Вот и выходит, что все концы ведут нынче к Федьке. И без него никак этот узелок не распутать!
Так?
Так оно и есть, Федор — ключик ко всем загадкам!
Да только где его теперь взять — Федьку-то?!
Глава 34
Пришла беда — откель ее не ждали.
Как уж то случилось, никто толком сказать не мог, а только заломал лесничего медведь. Ушел он — и пропал, лишь через три дня его сыскали. Нашли его, сердешного, в чащобе, в яме, землей да листвой присыпанного, — убил его медведь и спрятал тухнуть, чтобы после прийти да съесть.
Вытянули беднягу, на дровни бросили да домой повезли. Как его жинка увидала — сразу чувств лишилась! Как ей теперь одной, без кормильца, с тремя ребятишками жить?
Отпела муженька Матрена, похоронила да, котомку собрав, пошла по деревням работу искать, а где и милостыньку просить. Шла, а за ней, за подол ее держась, семенили ребятишки — все мальчики. Два на одно лицо, а третий совсем иной — и глаза, и нос, и уши. Шли, да не плакали — лишь носами шмыгали. Видно, все слезы у них кончились.
Ножки у них еще маленькие, а идти далече.
Придут, бывало, в деревню, встанут на паперти церковной, ладошки свои махонькие выставят и целый день на солнцепеке, а то под ветром да дождем стоят — может, кто из милости чего и подаст. Где давали, а где за целый день ничего они так и не выстаивали. Год тот неурожайным выдался, оттого много попрошаек по Руси ходило — всех все равно не накормить...
Один-то сынок ее скоро помер. Видно, застудился, как на голой земле спал. Сперва сильно кашлял, а после его в жар бросило, и он в одночасье сгорел.
Только все перед смертью плакал и покушать у маменьки просил. Да только дать ему было нечего.
Зарыла его Матрена при дороге да дальше побрела.
А за ней, за юбку ее держась, — два оставшихся сыночка.
Один —
Долго она шла да пришла в Москву — где сирым да убогим прожить легче, где одних церквей, может быть, сто! Пришла, сыскала имение Лопухиных да ночью возле крыльца их его оставила. Сказала только:
— Помни — Яковом тебя кличут, а кто батька твой с мамкой — мне неизвестно! Покойный барин тебя привез, Лопухин, а боле я ничего не ведаю. Может, приютят они тебя, а нет — так живи сам, как сможешь!
Только Яков не понимает — плачет, слезы по щекам мажет, кричит-надрывается: «Мамка! Не уходи!» За подол хватается. Еле Матрена ручки его от юбки оторвала. Куда он ей — своего в сберечь!
Оставила подле забора, повернулась да пошла.
Сперва-то он за ней по дороге бежал, криком исходя, да потом отстал, из сил выбился.
Матрена ушла — он остался.
Утром его дворовые нашли да прогонять стали палками грозя да пугая, что собак с цепей спустят. Ладно мимо подьячий проезжал — увидал мальца пожалел, спросил, кто он таков.

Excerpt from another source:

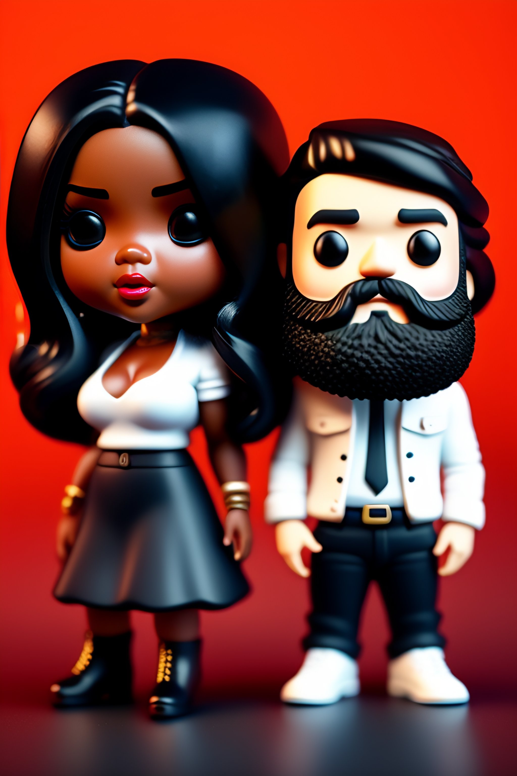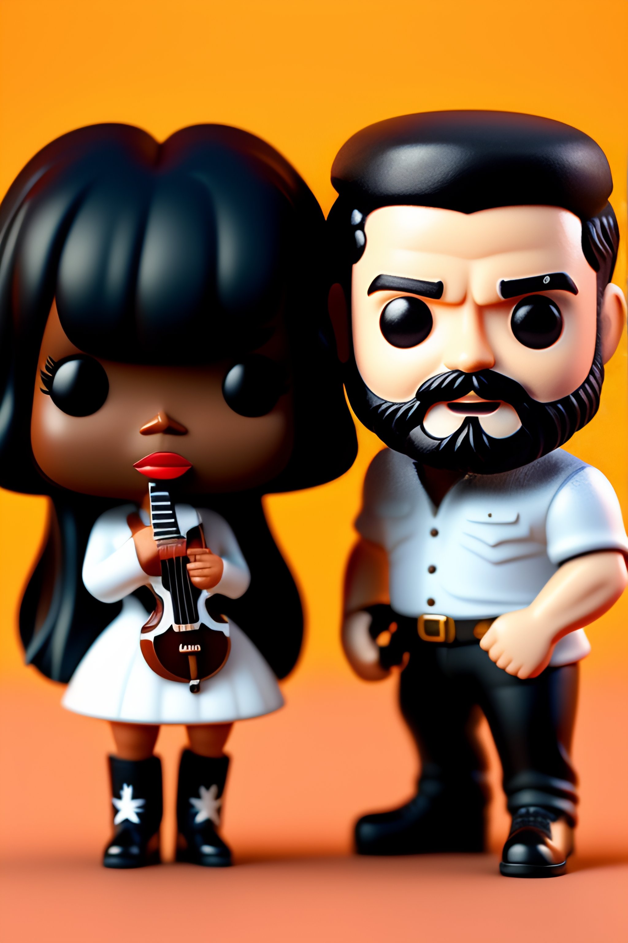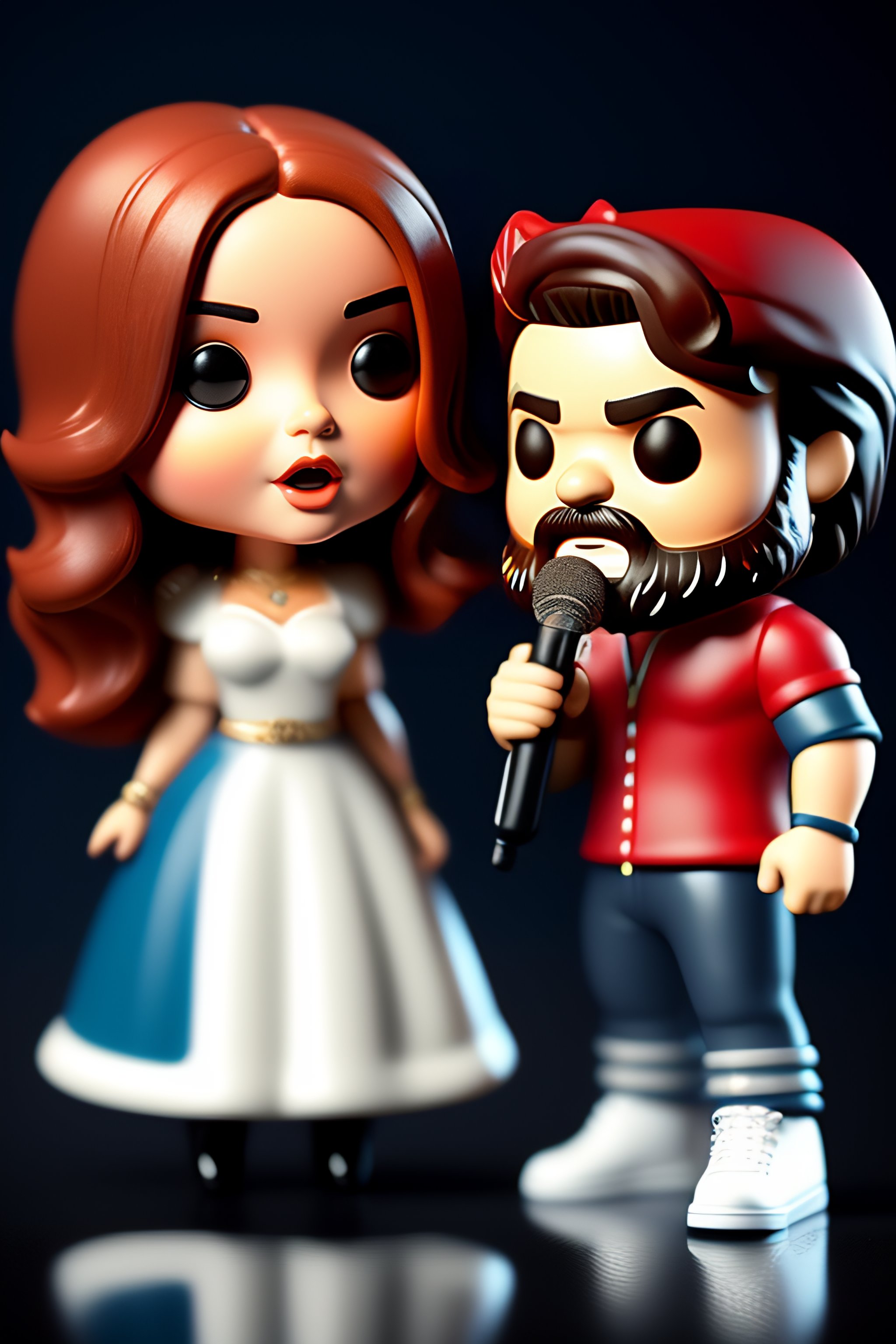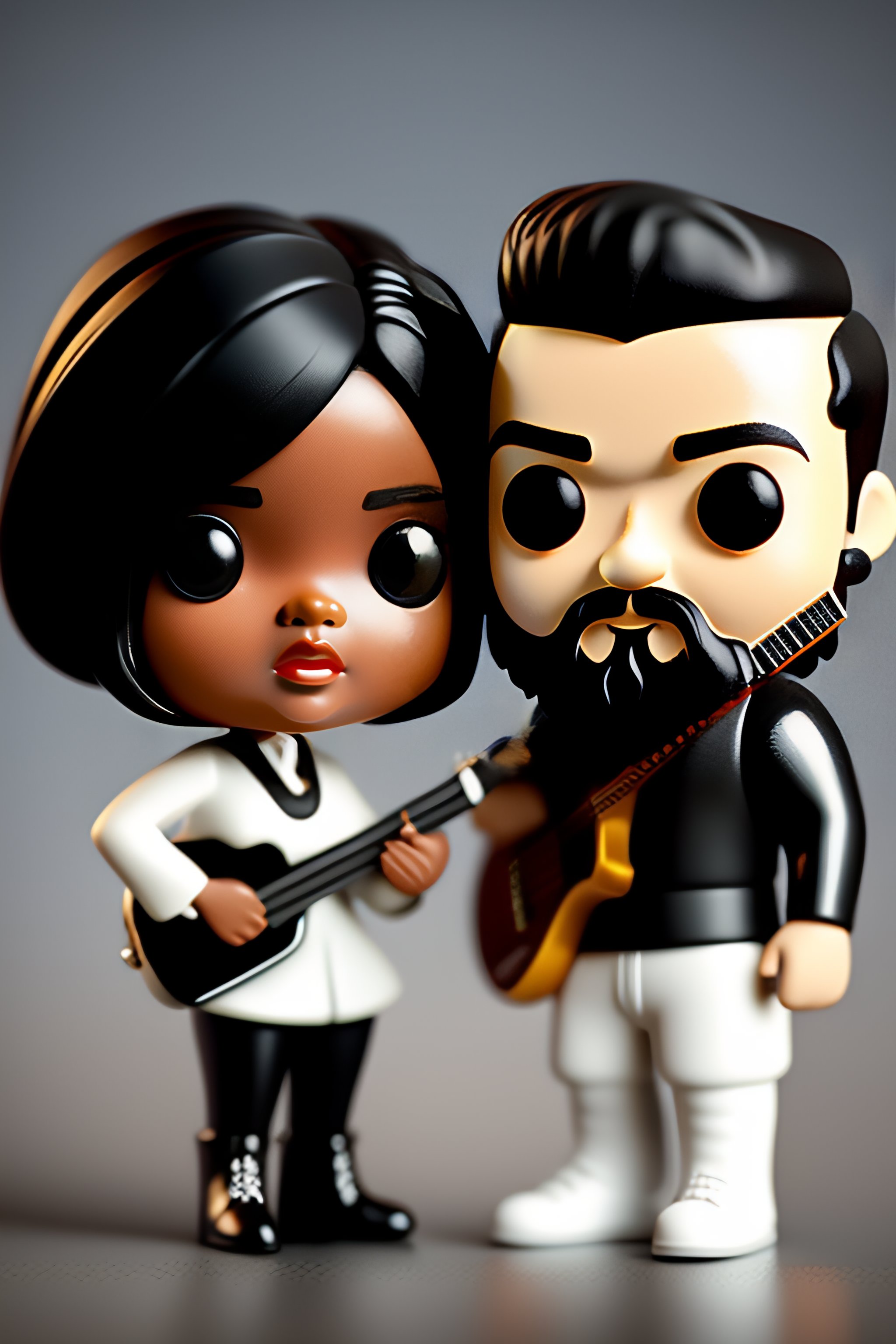 3d render of two funko pop, one is a white boy with dark hair and a beard playing guitar, the other is a white woman with black hair singing with a microphone.

Тот, как матушка его учила, сказал, что Яков он и что к папеньке с маменькой его барин привез. Поглядел на мальца подьячий — да и ахнул, так тот на младшую дочь Лопухина Анисью, ту, что в Яузе-реке утопилась, был похож.
Кликнул хозяйку.
Та сразу все смекнула! Муж-то говорил ей, что сынок Анисьин помер, а тот, выходит, жив! Завела его в дом, стала расспрашивать — тот ей про тятеньку да маменьку, братьев своих да жизнь лесную рассказывает. А барыня думает: «Не знаешь ты, кто твои матушка с батюшкой?» Да еще думает, куда его тепереча девать.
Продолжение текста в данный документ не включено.